Secara adat, Anu Beta Tubat telah berlangsung turun-temurun sejak masa silam hingga saat ini. Namun oleh Robert Isir dan Pdt. Herman Saud pada tahun 1983 dibentuklah Yayasan Anu Beta Tubat di Jayapura Ibu Kota Provinsi Papua. Hadirnya Yayasan Anu Beta Tubat menandai era baru pelestarian nilai-nilai budaya Maybrat yang tidak hanya dikenal oleh masyarakat Suku Maybrat saja, tetapi menjadi pengetahuan yang disebarkan dan dikenal oleh masyarakat Papua.
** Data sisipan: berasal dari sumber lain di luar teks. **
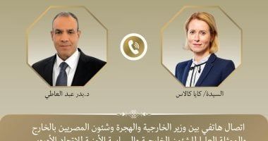 تلقى د. بدر عبد العاطي وزير الخارجية والهجرة وشئون المصرين بالخارج اتصالًا هاتفيا من "كايا كالاس" الممثلة العليا للشئون الخارجية والسياسة الأمنية للاتحاد الأوروبي يوم الجمعة ٧ نوفمبر لبحث الشراكة الثنائية بين مصر والاتحاد الأوروبي، والتطورات الإقليمية والدولية ذات الاهتمام المشترك.

Dalam urusan perkawinan yang memerlukan biaya besar terutama untuk urusan mas kawin berupa kain-kain timur yang mahal, keluarga besar gotong royong menanggung biaya tersebut, dengan harapan bila anak dari keluarga penyumbang menikahkan putranya dan harus menyiapkan maskawin, keluarga yang pernah menerima sumbangannya harus membalas.
Tersebarnya kain tenunan tradisional yang disebut kain timur itu bermula tiga abad yang lalu, kain-kain itu dibawa oleh orang Portugis untuk dibarter dengan hasil alam Papua, seperti damar. Kain timur adalah tenunan ikat yang berasal dari Timor, Flores, Seram. Anu Beta Tubat atau gotong royong ditemui juga dalam bidang pendidikan. Untuk membiayai pendidikan anak, orang Maybrat di Papua Barat mengatasi kendala ketiadaan bangunan sekolah, kekurangan guru, membantu guru yang hidup pas-pasan, kesulitan anak didik melanjutkan ke jenjang lebih tinggi. Disitu di uraikan bagaimana dengan semangat gotong royong anu beta tubat, orang Maybrat bekerja sama, berkorban, demi pendidikan anak-anak mereka. Orang Maybrat bergotong royong membangun sekolah, mengumpulkan makanan untuk guru, membuka kebun untuk guru bercocok tanam, membangun asrama bagi anak-anak yang melanjutkan sekolah di kota, jauh dari kampung bahkan bergotong royong membantu biaya anak-anak mereka melanjutkan kuliah.